This week, Casimir Inc. emerged from 'stealth mode' to announce it had raised significant funding from venture capitalists willing to roll the dice on free energy. That's right: a startup has gotten serious backing to develop sources of perpetual free energy. The people behind this fantastic new generator also brought us the wildly successful EM-drive - a thruster that could supposedly convert electricity directly into propulsive force. (Its one practical application was in the TV show Salvation, where it was treated with the same detailed attention to physics as Galaxy Quest's Omega-13.) With that track record, who are we to be skeptical?
Casimir Inc. is convinced it can squeeze energy from the vacuum via the Casimir force (hence the subtle name). The Casimir force is real: a vacuum isn't nothing - it's a froth of virtual particles popping into existence, waving, annihilating, and sinking back into the soup. The force emerges when you create an imbalance in the spatial distribution of these particles, causing pressure as the universe tries to equalize. Normally, you could extract a tiny bit of energy from two plates moving together, but you'd lose it all prying them apart again. Casimir Inc. claims a different setup: fixed plates, a row of pillars between them, and a load connected. Details get hazy - or highly obfuscated.
The idea is that electrons will tunnel from plates to pillars but not in reverse. Tunneling is a quantum process where a particle passes through a barrier. Normally, forward and backward tunneling chances are equal, generating no energy. The company's proposed mechanism relies on pillar gaps creating modes like a hydrogen atom's, so electrons go from high-energy to low-energy states. The math looks fine, but the assumption that modes match a hydrogen atom seems shaky. A more plausible route - used in quantum cascade lasers - involves electrons tunneling to a new location, then losing energy via acoustic waves, trapping them.
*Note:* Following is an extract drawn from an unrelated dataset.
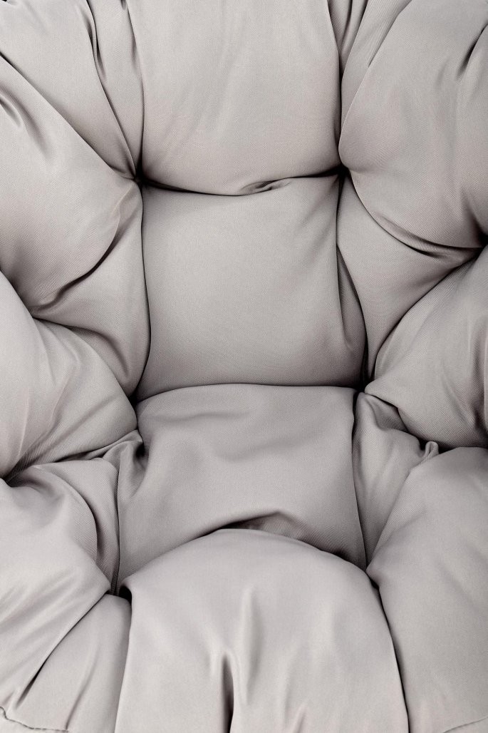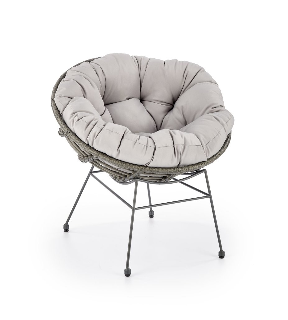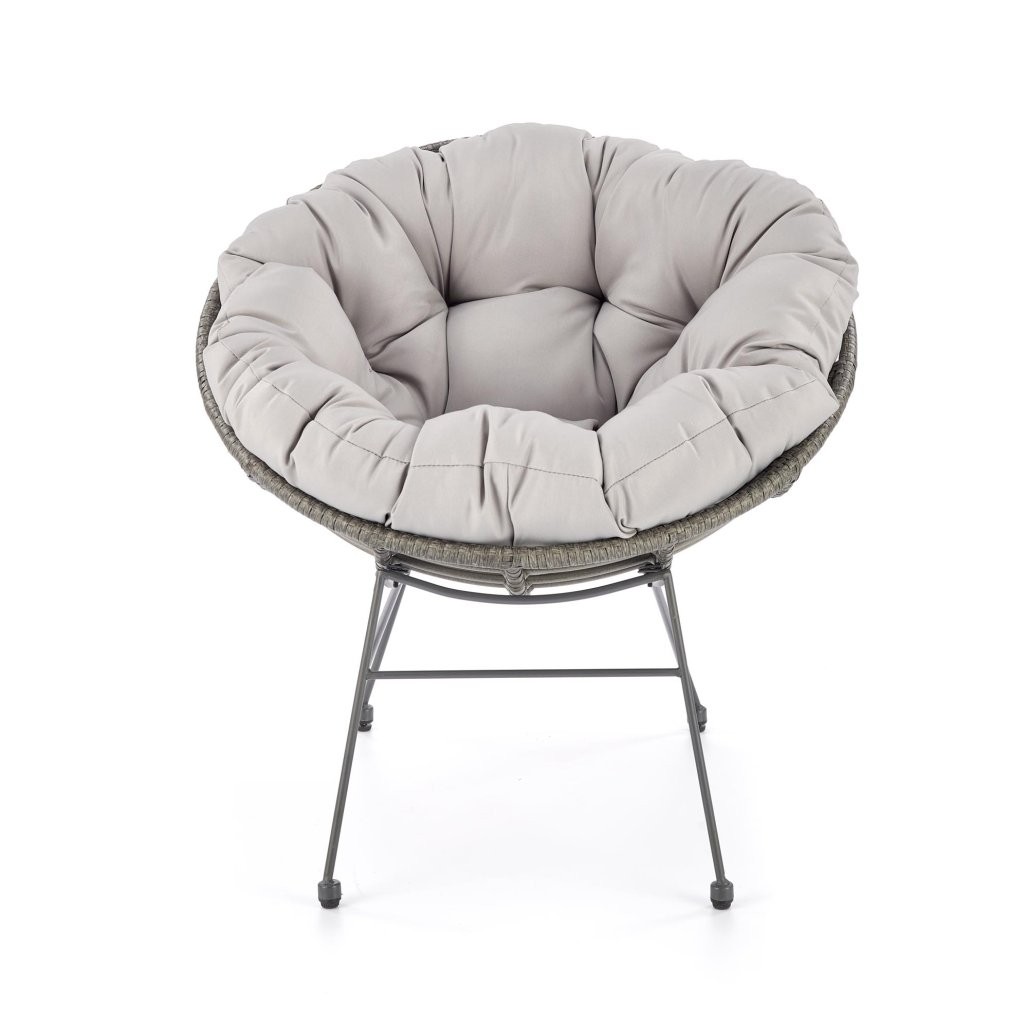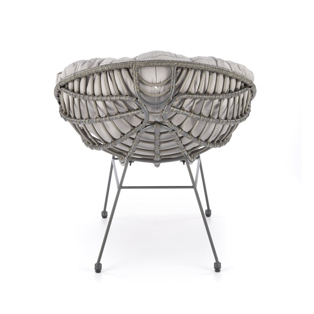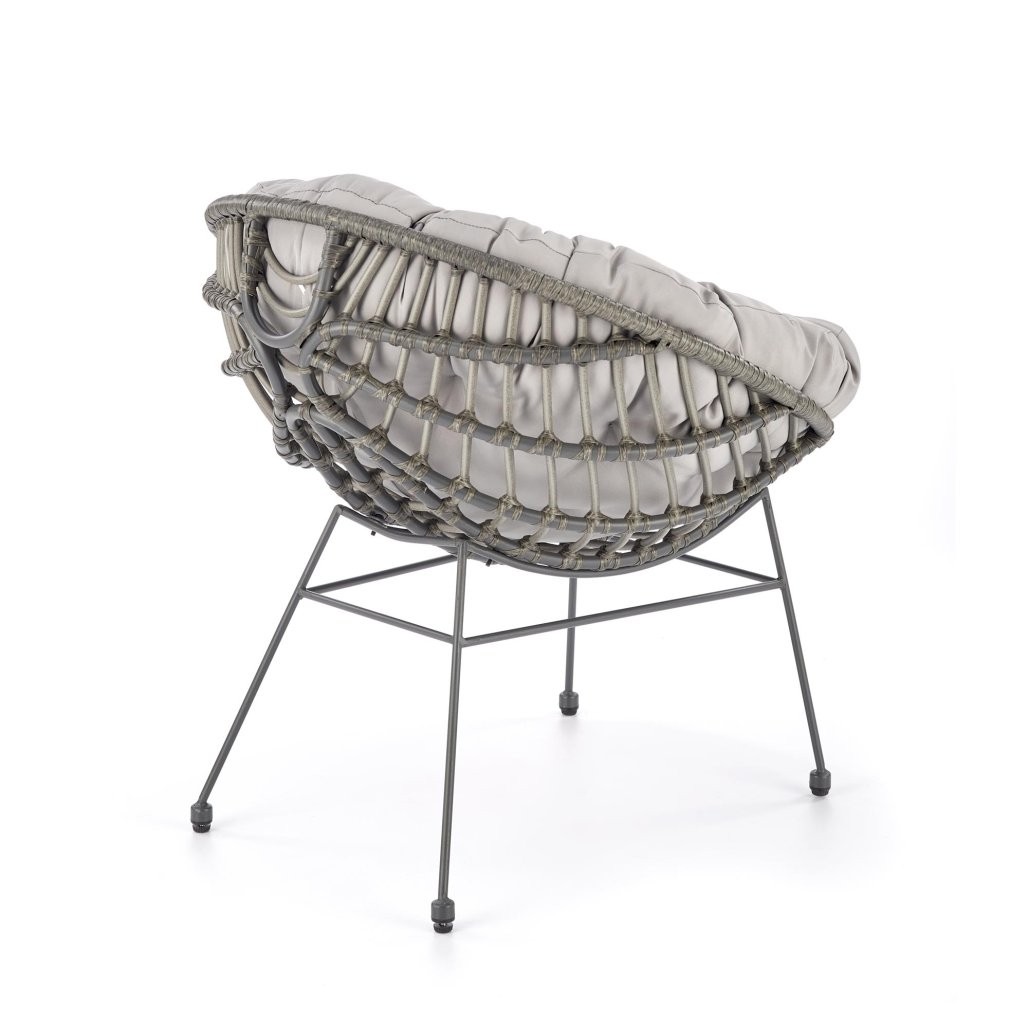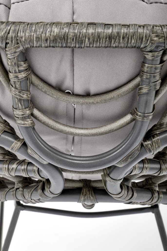 Vrtni stol Lirael je narejen iz umetnega ratana in tkanine, kar omogoča udobno sedenje na prostem, s sodobnim skandinavskim dizajnom in sivimi odtenki.

That requires very specific materials and engineering, which probably won't happen here.
Nevertheless, the company claims to have measured a voltage drop between plates and pillars, and that this is predicted in a paper that apparently has no predictions. I'd be shocked if they hadn't measured a potential difference - surfaces are a nightmare. Missing atoms, crystalline boundaries, and impurities from fabrication can generate weird voltages. If they chose the right metal and thin pillars, oxidation on exposure to air could make pillars very different from plates, creating a potential difference independent of any Casimir force.
Even if electron flow occurs, connecting wires introduces potential differences from metal contacts. Charge will accumulate in pillars, reducing the voltage difference and slowing tunneling until the whole pump grinds to a halt. No useful energy will be extracted. But we do value the company's service in burning through a bunch of VC money.